### What to do
Leave out the pictures and print precisely the lines from the line with "Black and White" to the final line of the entries, both ends included.
═════ Source data
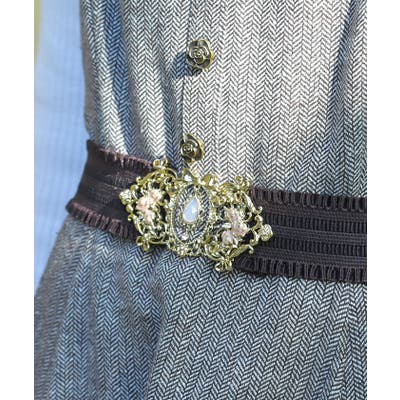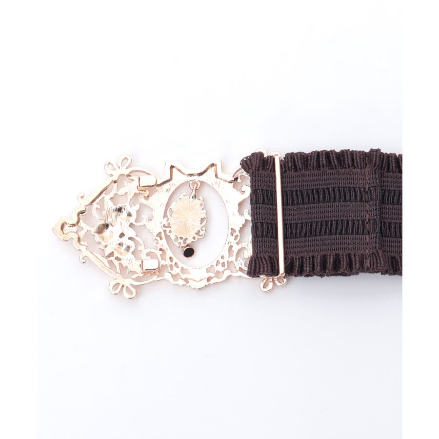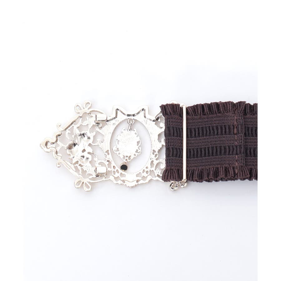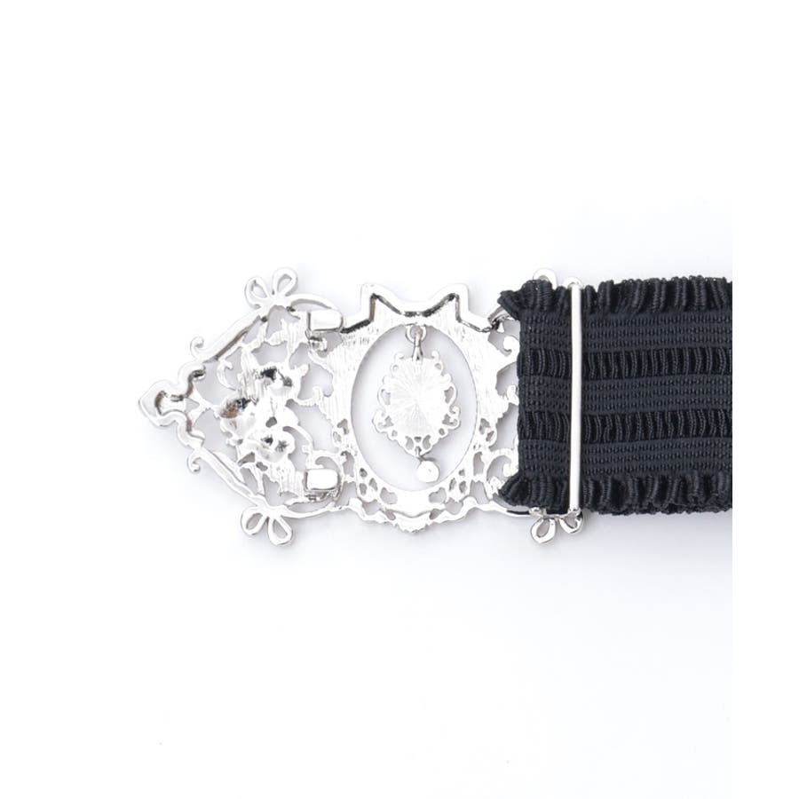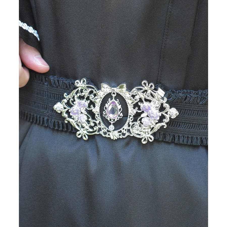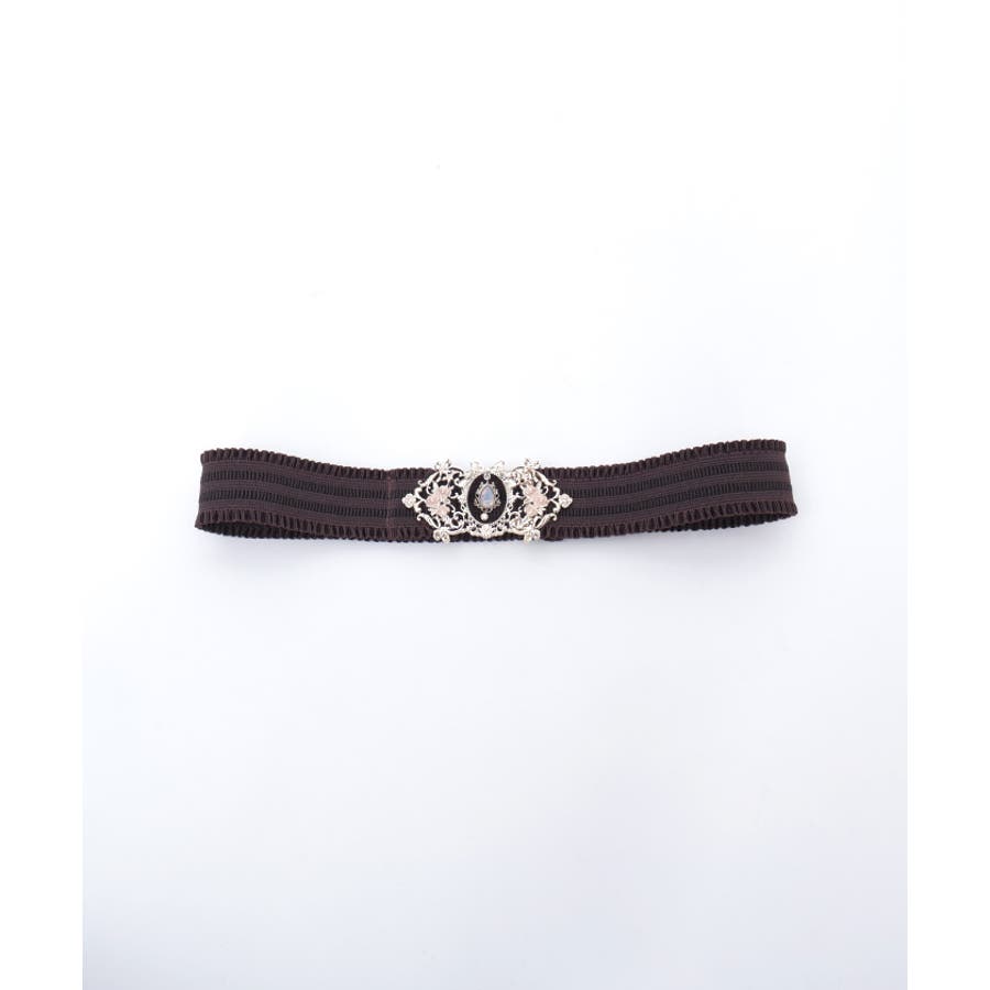 オーナメント風の装飾に鮮やかな薔薇が映えるゴムベルトです。
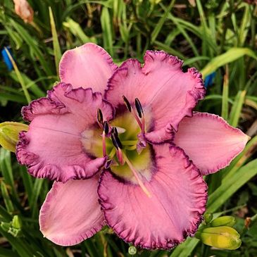31" Dip 7" Early - Midseason, Sev, FR, UF Pale orchid pink petals and a wide, radiating raspberry eye above a wide green throat with radiating pale orchid pink midribs from the throat. (Misty Mountains Cold × (Substantial Princess x Ziggy Played Guitar))
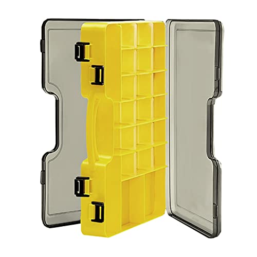 Dubbelsidig fiskelåda, plastfisketillbehör, betesbox, förvaringslåda för fisketillbehör med fack, vattentät bärbar fiskelåda, för fiskeentusiaster (29 l x 19 B x 5,8 cm, gul)
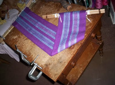 I finally figured out how to do plain wv dbl wv. Love this crappy table I got off the side of the road. It makes a great table to hook my loom up to. Nice and heavy.
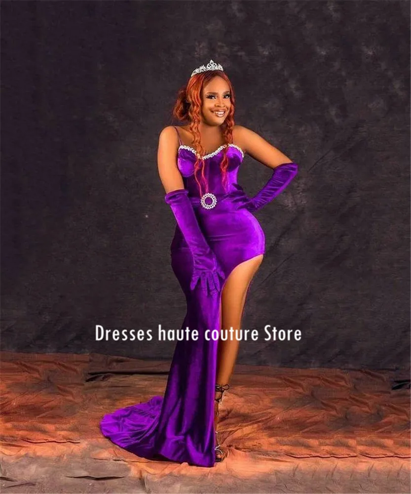 Сексуальное длинное фиолетовое бархатное платье для выпускного вечера платья 2021 сбоку Разделение Блестящие кристаллы из бисера Африканский царь чёрных русалки для маленьких девочек; Платье для выпускного вечера Гала платье
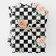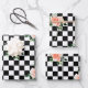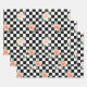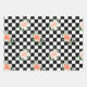 Black and White Checkered & Pink Rose Print Wrapping Paper Sheet
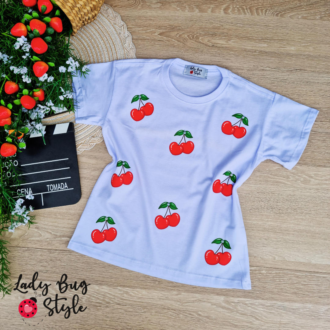 Código: T-SHIRT-CHERRY-PEROLAS-BRANCA Marca:
══════════
### Solution
 Black and White Checkered & Pink Rose Print Wrapping Paper Sheet
 Código: T-SHIRT-CHERRY-PEROLAS-BRANCA Marca:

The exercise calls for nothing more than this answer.